> Task brief: Filter the records below and copy every line containing the word "based".

> Stored entries:
Segment Open
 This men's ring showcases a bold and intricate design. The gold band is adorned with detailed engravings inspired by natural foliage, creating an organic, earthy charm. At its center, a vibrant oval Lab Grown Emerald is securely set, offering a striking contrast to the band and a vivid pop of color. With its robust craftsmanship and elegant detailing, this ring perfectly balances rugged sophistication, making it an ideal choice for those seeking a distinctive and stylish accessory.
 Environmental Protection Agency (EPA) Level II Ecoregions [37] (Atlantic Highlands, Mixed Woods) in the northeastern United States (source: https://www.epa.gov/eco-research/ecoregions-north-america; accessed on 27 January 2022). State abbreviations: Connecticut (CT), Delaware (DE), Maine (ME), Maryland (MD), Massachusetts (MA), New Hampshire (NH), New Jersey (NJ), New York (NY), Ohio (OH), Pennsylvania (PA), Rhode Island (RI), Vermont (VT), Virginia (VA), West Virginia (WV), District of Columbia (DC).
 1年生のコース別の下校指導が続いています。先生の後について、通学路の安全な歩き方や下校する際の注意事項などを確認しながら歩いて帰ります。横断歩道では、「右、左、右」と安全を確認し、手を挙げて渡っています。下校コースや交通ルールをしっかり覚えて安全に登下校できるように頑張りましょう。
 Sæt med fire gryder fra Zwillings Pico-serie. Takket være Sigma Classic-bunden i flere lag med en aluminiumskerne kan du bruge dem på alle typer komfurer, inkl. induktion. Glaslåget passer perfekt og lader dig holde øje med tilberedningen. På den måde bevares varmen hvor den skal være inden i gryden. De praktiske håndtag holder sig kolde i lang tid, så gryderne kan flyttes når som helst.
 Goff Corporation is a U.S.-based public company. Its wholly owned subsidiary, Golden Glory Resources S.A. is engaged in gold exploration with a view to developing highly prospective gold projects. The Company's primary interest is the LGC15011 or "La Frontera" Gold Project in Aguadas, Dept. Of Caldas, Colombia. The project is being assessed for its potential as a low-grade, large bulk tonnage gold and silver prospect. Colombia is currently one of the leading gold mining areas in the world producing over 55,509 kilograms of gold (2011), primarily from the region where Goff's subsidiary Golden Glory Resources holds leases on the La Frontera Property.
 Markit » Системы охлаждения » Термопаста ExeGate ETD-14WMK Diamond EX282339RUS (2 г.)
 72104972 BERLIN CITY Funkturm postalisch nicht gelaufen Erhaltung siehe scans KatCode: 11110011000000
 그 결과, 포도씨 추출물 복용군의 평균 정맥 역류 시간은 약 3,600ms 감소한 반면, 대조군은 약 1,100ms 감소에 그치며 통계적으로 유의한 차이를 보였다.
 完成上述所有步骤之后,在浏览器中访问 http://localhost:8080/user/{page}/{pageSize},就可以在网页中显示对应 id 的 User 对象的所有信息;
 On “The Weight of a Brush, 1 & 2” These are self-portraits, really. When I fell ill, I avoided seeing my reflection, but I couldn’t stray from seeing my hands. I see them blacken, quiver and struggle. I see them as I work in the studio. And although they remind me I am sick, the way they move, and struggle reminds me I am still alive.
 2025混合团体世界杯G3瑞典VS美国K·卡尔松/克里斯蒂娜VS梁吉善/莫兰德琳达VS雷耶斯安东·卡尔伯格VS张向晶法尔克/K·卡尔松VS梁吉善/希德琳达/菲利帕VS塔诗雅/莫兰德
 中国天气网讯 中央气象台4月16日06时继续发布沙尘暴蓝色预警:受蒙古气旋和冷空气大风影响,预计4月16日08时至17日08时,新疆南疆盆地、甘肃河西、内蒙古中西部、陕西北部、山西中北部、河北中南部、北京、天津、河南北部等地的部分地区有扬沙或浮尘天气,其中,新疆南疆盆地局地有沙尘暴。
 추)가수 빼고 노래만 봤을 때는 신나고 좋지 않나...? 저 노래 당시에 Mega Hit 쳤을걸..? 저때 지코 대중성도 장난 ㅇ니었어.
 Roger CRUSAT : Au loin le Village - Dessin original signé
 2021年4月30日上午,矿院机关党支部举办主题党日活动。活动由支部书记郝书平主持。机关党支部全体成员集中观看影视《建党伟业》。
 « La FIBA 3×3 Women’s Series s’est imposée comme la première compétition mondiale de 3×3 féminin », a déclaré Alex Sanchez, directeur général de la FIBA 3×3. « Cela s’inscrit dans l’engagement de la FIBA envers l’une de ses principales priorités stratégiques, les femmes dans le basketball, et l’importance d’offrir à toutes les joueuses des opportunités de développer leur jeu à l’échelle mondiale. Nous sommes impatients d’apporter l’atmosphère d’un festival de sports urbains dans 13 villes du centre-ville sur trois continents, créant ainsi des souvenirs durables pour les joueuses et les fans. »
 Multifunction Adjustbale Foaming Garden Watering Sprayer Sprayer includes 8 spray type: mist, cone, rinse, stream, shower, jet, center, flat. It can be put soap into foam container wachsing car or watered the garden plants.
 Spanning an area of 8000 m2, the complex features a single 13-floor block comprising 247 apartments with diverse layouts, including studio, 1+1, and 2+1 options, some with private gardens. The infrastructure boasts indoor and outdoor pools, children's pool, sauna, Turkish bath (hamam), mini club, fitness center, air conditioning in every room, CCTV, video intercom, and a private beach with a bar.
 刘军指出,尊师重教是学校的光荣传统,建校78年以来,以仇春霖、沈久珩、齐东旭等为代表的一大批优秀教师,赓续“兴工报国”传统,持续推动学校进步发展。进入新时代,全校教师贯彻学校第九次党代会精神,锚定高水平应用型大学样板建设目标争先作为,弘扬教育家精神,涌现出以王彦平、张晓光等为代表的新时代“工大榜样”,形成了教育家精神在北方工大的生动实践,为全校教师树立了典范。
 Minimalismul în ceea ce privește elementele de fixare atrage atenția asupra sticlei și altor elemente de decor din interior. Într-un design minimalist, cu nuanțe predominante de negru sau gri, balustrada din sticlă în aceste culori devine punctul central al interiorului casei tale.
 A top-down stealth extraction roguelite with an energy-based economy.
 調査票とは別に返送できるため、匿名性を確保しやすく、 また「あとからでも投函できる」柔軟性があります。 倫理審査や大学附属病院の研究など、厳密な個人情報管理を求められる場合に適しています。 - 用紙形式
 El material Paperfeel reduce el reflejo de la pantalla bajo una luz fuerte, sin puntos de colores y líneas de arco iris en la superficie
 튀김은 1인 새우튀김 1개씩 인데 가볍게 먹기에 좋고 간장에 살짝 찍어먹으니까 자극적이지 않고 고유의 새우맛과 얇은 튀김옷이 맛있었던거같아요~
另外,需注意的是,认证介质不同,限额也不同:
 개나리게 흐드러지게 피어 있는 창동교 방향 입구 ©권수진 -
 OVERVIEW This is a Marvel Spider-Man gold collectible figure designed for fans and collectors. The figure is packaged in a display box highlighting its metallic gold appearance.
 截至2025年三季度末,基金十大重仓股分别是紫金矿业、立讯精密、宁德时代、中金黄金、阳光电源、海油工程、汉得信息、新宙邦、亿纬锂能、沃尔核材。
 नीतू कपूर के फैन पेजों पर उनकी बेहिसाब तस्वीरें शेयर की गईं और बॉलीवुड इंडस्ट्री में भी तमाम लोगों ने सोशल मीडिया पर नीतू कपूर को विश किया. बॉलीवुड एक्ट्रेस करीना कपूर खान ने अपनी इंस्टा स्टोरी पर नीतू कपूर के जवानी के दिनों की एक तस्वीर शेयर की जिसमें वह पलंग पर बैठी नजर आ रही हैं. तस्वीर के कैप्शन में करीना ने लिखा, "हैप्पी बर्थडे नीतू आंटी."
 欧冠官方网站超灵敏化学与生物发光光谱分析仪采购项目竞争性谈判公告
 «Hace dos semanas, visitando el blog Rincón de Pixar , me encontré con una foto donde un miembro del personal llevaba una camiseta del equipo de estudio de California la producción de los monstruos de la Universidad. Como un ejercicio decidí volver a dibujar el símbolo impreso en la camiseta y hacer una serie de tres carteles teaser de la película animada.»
Segment Closed
> Solution to the exercise:
 Goff Corporation is a U.S.-based public company. Its wholly owned subsidiary, Golden Glory Resources S.A. is engaged in gold exploration with a view to developing highly prospective gold projects. The Company's primary interest is the LGC15011 or "La Frontera" Gold Project in Aguadas, Dept. Of Caldas, Colombia. The project is being assessed for its potential as a low-grade, large bulk tonnage gold and silver prospect. Colombia is currently one of the leading gold mining areas in the world producing over 55,509 kilograms of gold (2011), primarily from the region where Goff's subsidiary Golden Glory Resources holds leases on the La Frontera Property.
 A top-down stealth extraction roguelite with an energy-based economy.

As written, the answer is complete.